__Provided records__:
======

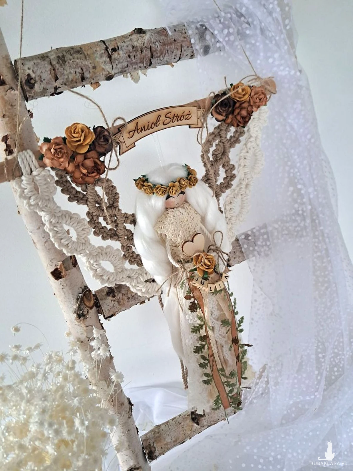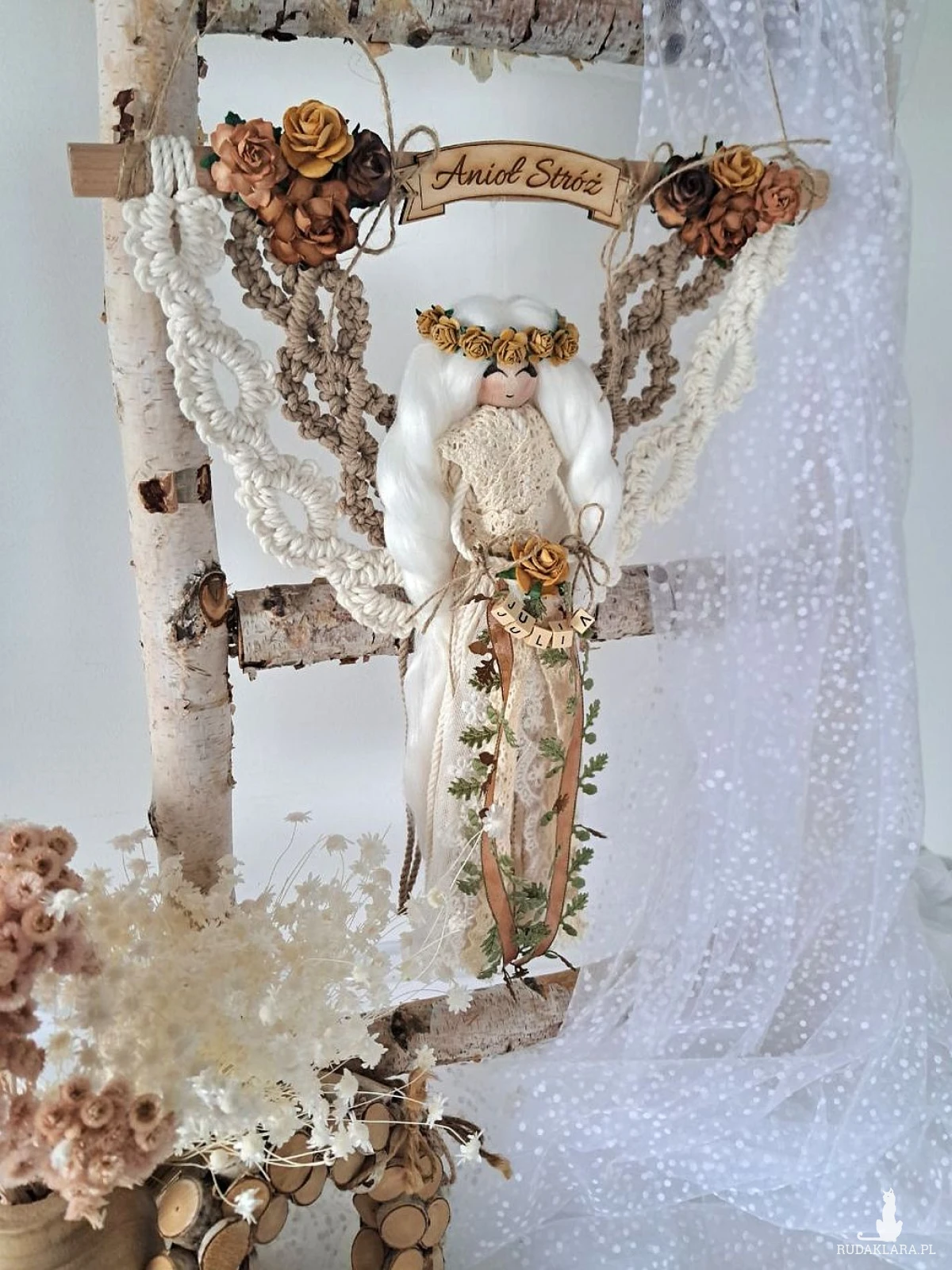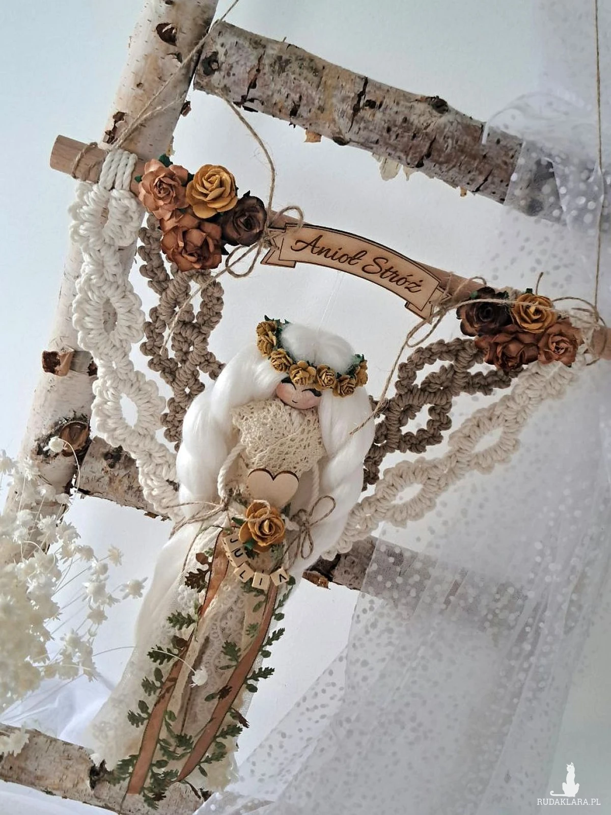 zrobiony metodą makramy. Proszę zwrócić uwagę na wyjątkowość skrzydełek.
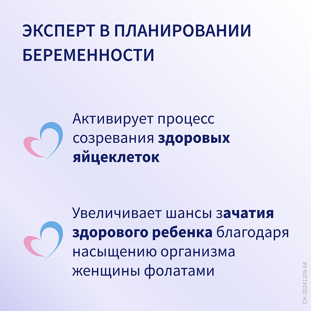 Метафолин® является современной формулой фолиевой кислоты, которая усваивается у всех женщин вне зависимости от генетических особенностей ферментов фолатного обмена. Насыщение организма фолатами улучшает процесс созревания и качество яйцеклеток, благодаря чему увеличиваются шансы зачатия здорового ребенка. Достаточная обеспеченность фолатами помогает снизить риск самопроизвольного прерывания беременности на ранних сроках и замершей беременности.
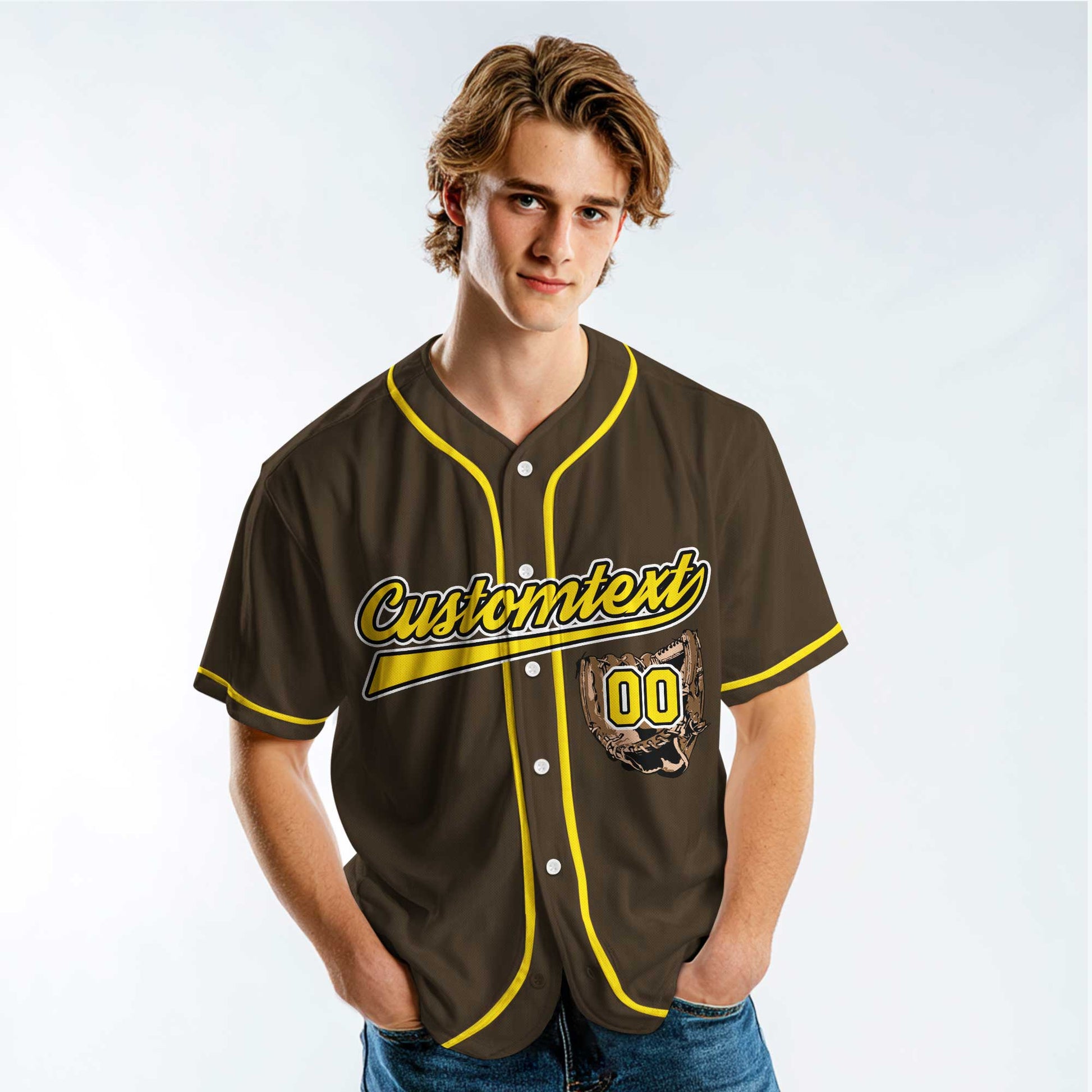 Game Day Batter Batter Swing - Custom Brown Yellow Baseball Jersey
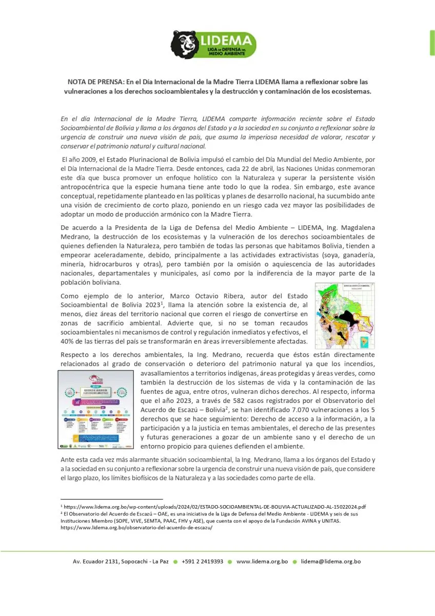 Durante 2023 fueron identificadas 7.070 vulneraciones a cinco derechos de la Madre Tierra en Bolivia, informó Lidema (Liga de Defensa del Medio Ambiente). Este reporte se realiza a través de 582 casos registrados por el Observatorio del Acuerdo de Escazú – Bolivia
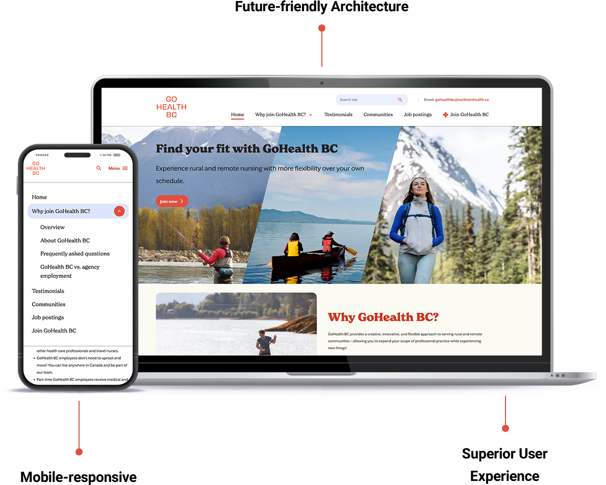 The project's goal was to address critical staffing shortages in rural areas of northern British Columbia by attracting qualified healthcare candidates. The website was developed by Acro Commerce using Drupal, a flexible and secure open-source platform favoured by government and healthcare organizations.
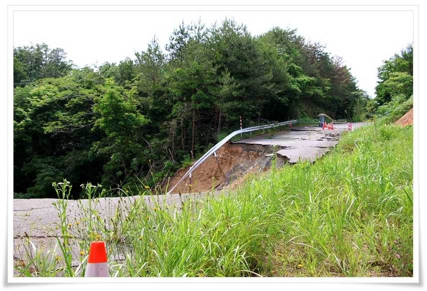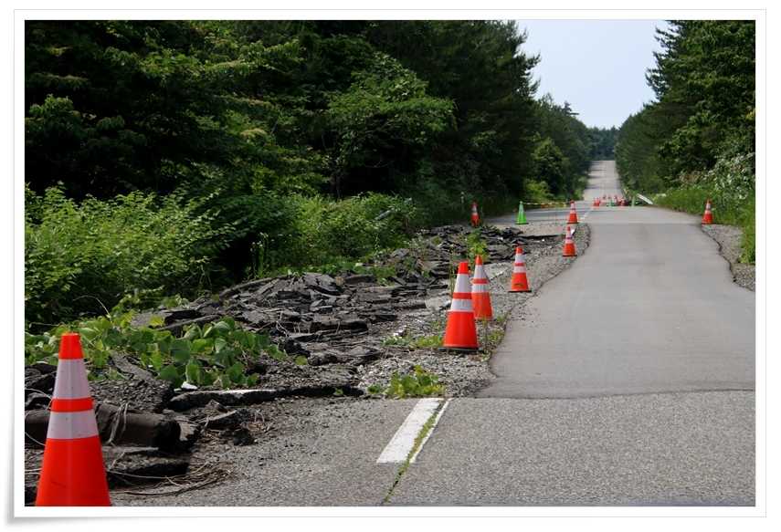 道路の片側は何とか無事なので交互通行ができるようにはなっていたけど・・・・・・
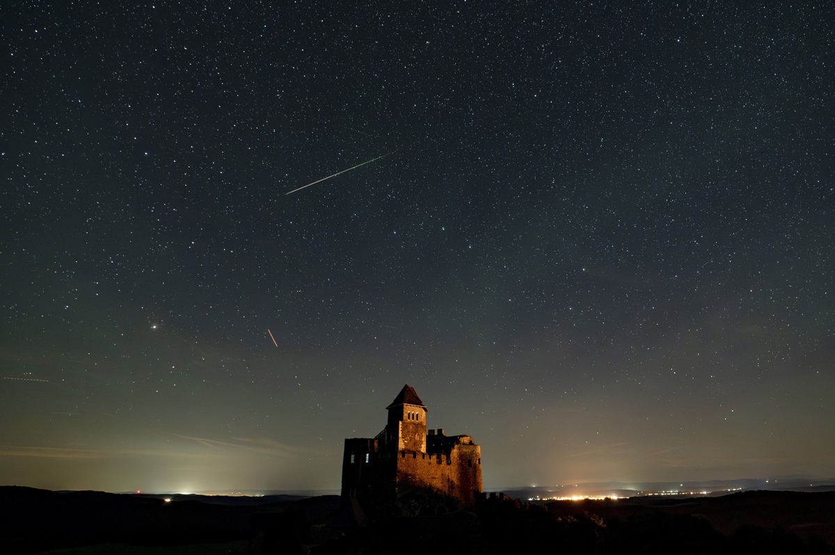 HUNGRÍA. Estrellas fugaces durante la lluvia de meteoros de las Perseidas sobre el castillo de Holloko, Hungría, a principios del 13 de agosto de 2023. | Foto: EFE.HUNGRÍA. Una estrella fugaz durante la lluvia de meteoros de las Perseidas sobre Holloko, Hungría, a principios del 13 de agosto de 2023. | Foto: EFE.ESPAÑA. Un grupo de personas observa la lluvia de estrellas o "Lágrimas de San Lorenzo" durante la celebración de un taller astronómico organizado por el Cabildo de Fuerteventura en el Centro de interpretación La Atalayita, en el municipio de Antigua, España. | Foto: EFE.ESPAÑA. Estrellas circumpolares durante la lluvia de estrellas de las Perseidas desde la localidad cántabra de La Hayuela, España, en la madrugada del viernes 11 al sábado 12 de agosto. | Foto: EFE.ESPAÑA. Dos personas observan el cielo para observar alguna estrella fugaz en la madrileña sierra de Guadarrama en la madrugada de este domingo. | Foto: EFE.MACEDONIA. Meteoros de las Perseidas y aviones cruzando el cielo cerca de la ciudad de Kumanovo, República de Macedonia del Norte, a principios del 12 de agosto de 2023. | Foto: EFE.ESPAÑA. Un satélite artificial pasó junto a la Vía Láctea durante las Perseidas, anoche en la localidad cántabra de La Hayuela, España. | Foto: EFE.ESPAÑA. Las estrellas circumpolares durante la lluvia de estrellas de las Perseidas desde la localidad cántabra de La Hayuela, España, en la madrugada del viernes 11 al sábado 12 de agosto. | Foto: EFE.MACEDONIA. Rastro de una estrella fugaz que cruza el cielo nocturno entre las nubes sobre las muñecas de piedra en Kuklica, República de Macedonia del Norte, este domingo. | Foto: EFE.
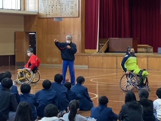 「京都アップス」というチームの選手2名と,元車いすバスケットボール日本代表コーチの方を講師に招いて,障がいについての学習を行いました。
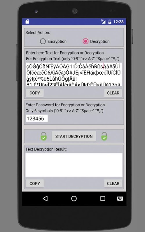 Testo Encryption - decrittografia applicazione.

======

__Your assignment__: Output the whole listing without change. Any picture is to be left out.

__Output below__:
 zrobiony metodą makramy. Proszę zwrócić uwagę na wyjątkowość skrzydełek.
 Метафолин® является современной формулой фолиевой кислоты, которая усваивается у всех женщин вне зависимости от генетических особенностей ферментов фолатного обмена. Насыщение организма фолатами улучшает процесс созревания и качество яйцеклеток, благодаря чему увеличиваются шансы зачатия здорового ребенка. Достаточная обеспеченность фолатами помогает снизить риск самопроизвольного прерывания беременности на ранних сроках и замершей беременности.
 Game Day Batter Batter Swing - Custom Brown Yellow Baseball Jersey
 Durante 2023 fueron identificadas 7.070 vulneraciones a cinco derechos de la Madre Tierra en Bolivia, informó Lidema (Liga de Defensa del Medio Ambiente). Este reporte se realiza a través de 582 casos registrados por el Observatorio del Acuerdo de Escazú – Bolivia
 The project's goal was to address critical staffing shortages in rural areas of northern British Columbia by attracting qualified healthcare candidates. The website was developed by Acro Commerce using Drupal, a flexible and secure open-source platform favoured by government and healthcare organizations.
 道路の片側は何とか無事なので交互通行ができるようにはなっていたけど・・・・・・
 HUNGRÍA. Estrellas fugaces durante la lluvia de meteoros de las Perseidas sobre el castillo de Holloko, Hungría, a principios del 13 de agosto de 2023. | Foto: EFE.HUNGRÍA. Una estrella fugaz durante la lluvia de meteoros de las Perseidas sobre Holloko, Hungría, a principios del 13 de agosto de 2023. | Foto: EFE.ESPAÑA. Un grupo de personas observa la lluvia de estrellas o "Lágrimas de San Lorenzo" durante la celebración de un taller astronómico organizado por el Cabildo de Fuerteventura en el Centro de interpretación La Atalayita, en el municipio de Antigua, España. | Foto: EFE.ESPAÑA. Estrellas circumpolares durante la lluvia de estrellas de las Perseidas desde la localidad cántabra de La Hayuela, España, en la madrugada del viernes 11 al sábado 12 de agosto. | Foto: EFE.ESPAÑA. Dos personas observan el cielo para observar alguna estrella fugaz en la madrileña sierra de Guadarrama en la madrugada de este domingo. | Foto: EFE.MACEDONIA. Meteoros de las Perseidas y aviones cruzando el cielo cerca de la ciudad de Kumanovo, República de Macedonia del Norte, a principios del 12 de agosto de 2023. | Foto: EFE.ESPAÑA. Un satélite artificial pasó junto a la Vía Láctea durante las Perseidas, anoche en la localidad cántabra de La Hayuela, España. | Foto: EFE.ESPAÑA. Las estrellas circumpolares durante la lluvia de estrellas de las Perseidas desde la localidad cántabra de La Hayuela, España, en la madrugada del viernes 11 al sábado 12 de agosto. | Foto: EFE.MACEDONIA. Rastro de una estrella fugaz que cruza el cielo nocturno entre las nubes sobre las muñecas de piedra en Kuklica, República de Macedonia del Norte, este domingo. | Foto: EFE.
 「京都アップス」というチームの選手2名と,元車いすバスケットボール日本代表コーチの方を講師に招いて,障がいについての学習を行いました。
 Testo Encryption - decrittografia applicazione.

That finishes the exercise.